Electronic Poets and ThinkersElectronic Poets and Thinkers

"Ah!" said one expert, when he came to this chapter, "this is where the frivolous part begins."

Scientists who take themselves and their work seriously consider everything beyond today's stock of exactly verified facts as flippant and trivial. Specialists in electronic computers, who in all probability still have their Golden Age ahead of them, are particularly prone to speculation. The things we read in their literature sometimes sound as credible as a report on an imminent landing on the planet Jupiter. (We wonder occasionally why scientists express skepticism when asked to give their opinion on science fiction.) At any rate there is no reason why we should not do a little speculation ourselves. But we shall take care to stay within the bounds of probability. And we shall always let you know in good time when our stories consist of facts and how much are - for the time being - pipe dreams or wishful thinking.

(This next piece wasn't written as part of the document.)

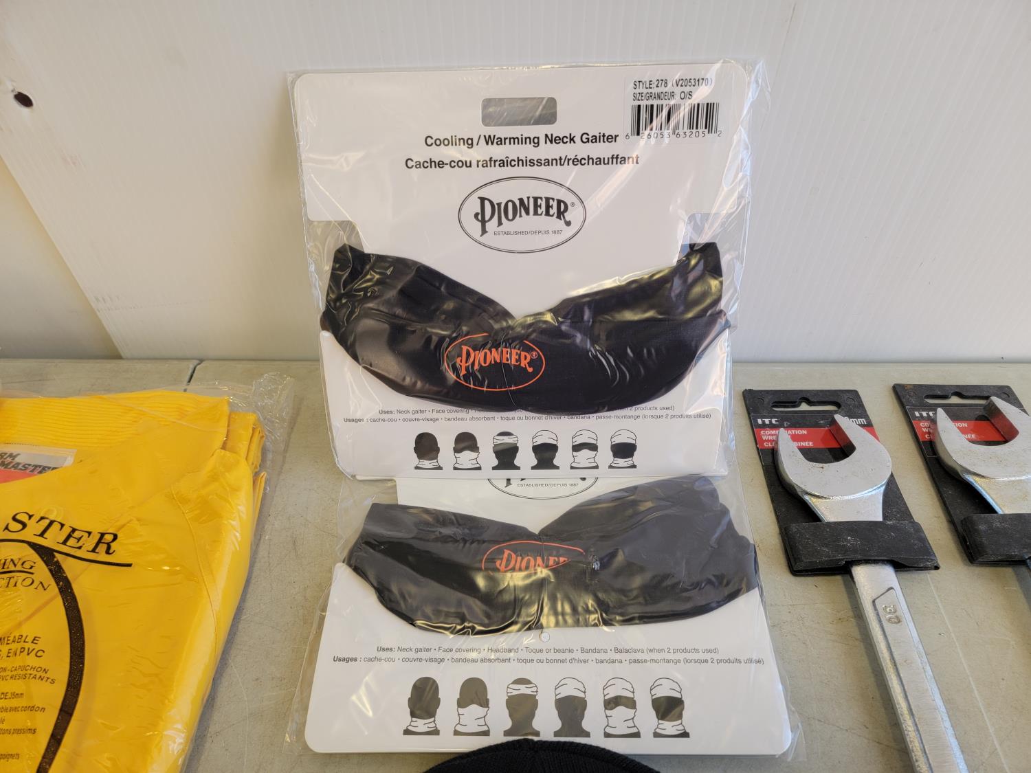 (3) Size 5XL rainsuits, (2) toques and (2) neck gaiters

What you are now going to read sounds singularly irrational, and it seems in addition to have a tinge of science fiction. Still it is a scientific product, made by methods that have been well tried out over the last few years:

I
all snow is cold
and not every angel is white
and not every snow is silent
and no peace is cold
and no angel is bright
and every peace is silent

II
no peace is white
or the angel is white
or a Christmas tree is cold
and not every peace is beautiful
and a child is gentle

III
every santa claus is silent
or not every child is silent
or the forest is cold
and no forest is beautiful
or no angel is beautiful
or the sleigh is silent
or the child is white

IV
the snow is cold
and every peace is deep
and no Christmas tree is gentle
or every candle is white
or a peace is cold
or not every candle is pure
and an angel is pure
and every peace is silent
or every peace is white
or the child is silent

V
an angel is everywhere

This poem appeared in the Christmas number of a popular magazine for young people in 1959. What do you think of it? Opinions among the readers of the poem were divided. Letters to the editor expressed praise for the avant-garde poet or disapproval of the "Christmas gibberish." The editor wrote, at the same time as he printed a selection of readers' letters, no more and no less than that the poem was not the work of a poet at all, but of an electronic computer, type "ZUSE Z 22."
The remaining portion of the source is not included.